*** Opening DATASET SECTION ***

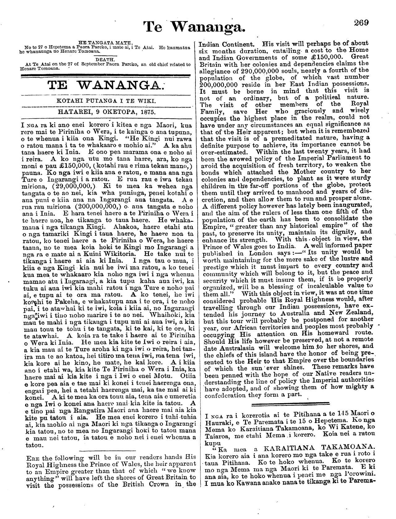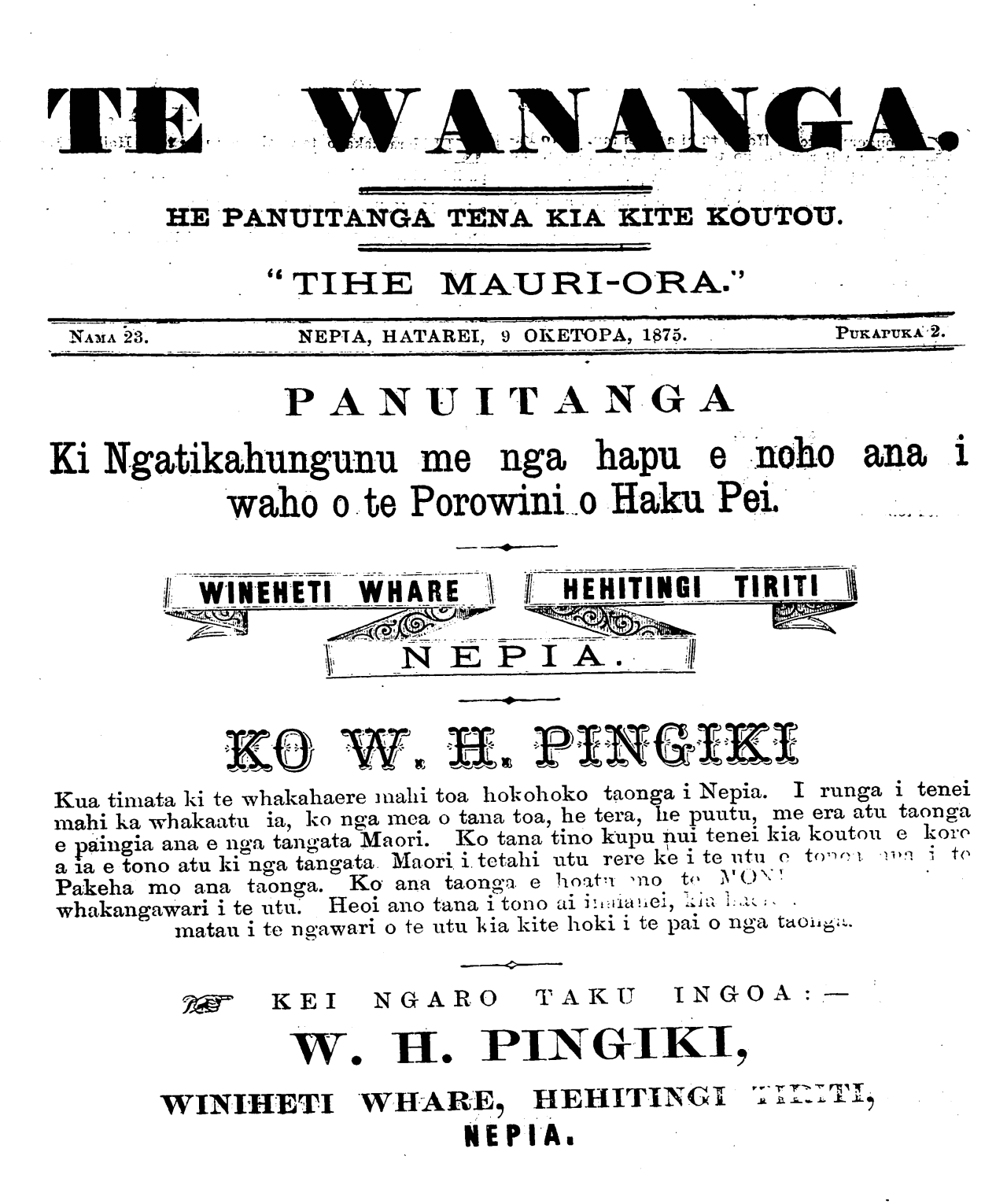 NAMA 23. NEPIA, HATAREI, 9 OKETOPA, I875. PUKAPUKA 2.
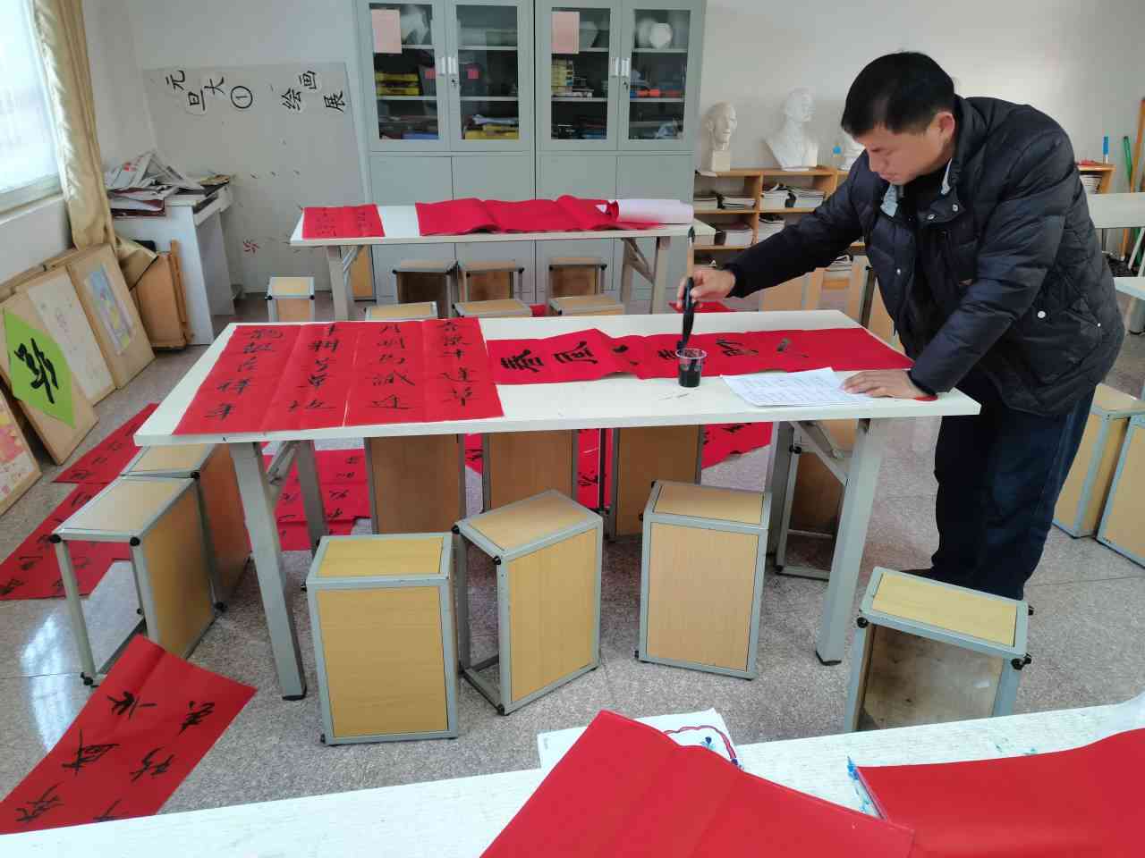 ~ 此次活动中,一共书写春联和福字200余份,前来领取对联的教师,手捧散发着淡淡墨香的大红对联,心中充满了激动和喜悦,嘴里还不住地说:还是手写的对联好,这有着浓浓的年味!(供稿:李章国 审核:张道胜)
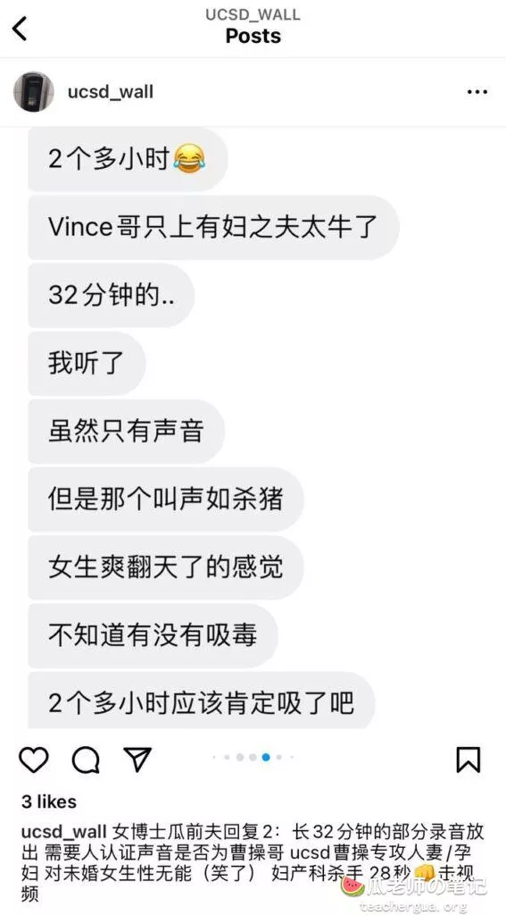 加州大学女博士情夫Vince被曝光化身UCSD曹Cao 专攻人妻 32分钟偷情音频 28秒拳交猪叫 苦主儿子面前Cao他妈 舔B舔到喷尿 结合之前种种 被评价为人间行走的恶魔 女博士照片

*** Closing DATASET SECTION ***

■ **DESCRIPTION OF THE TASK**
Write out every line of the listing exactly as written, and leave the pictures out.

■ **EXERCISE RESPONSE**
 NAMA 23. NEPIA, HATAREI, 9 OKETOPA, I875. PUKAPUKA 2.
 ~ 此次活动中,一共书写春联和福字200余份,前来领取对联的教师,手捧散发着淡淡墨香的大红对联,心中充满了激动和喜悦,嘴里还不住地说:还是手写的对联好,这有着浓浓的年味!(供稿:李章国 审核:张道胜)
 加州大学女博士情夫Vince被曝光化身UCSD曹Cao 专攻人妻 32分钟偷情音频 28秒拳交猪叫 苦主儿子面前Cao他妈 舔B舔到喷尿 结合之前种种 被评价为人间行走的恶魔 女博士照片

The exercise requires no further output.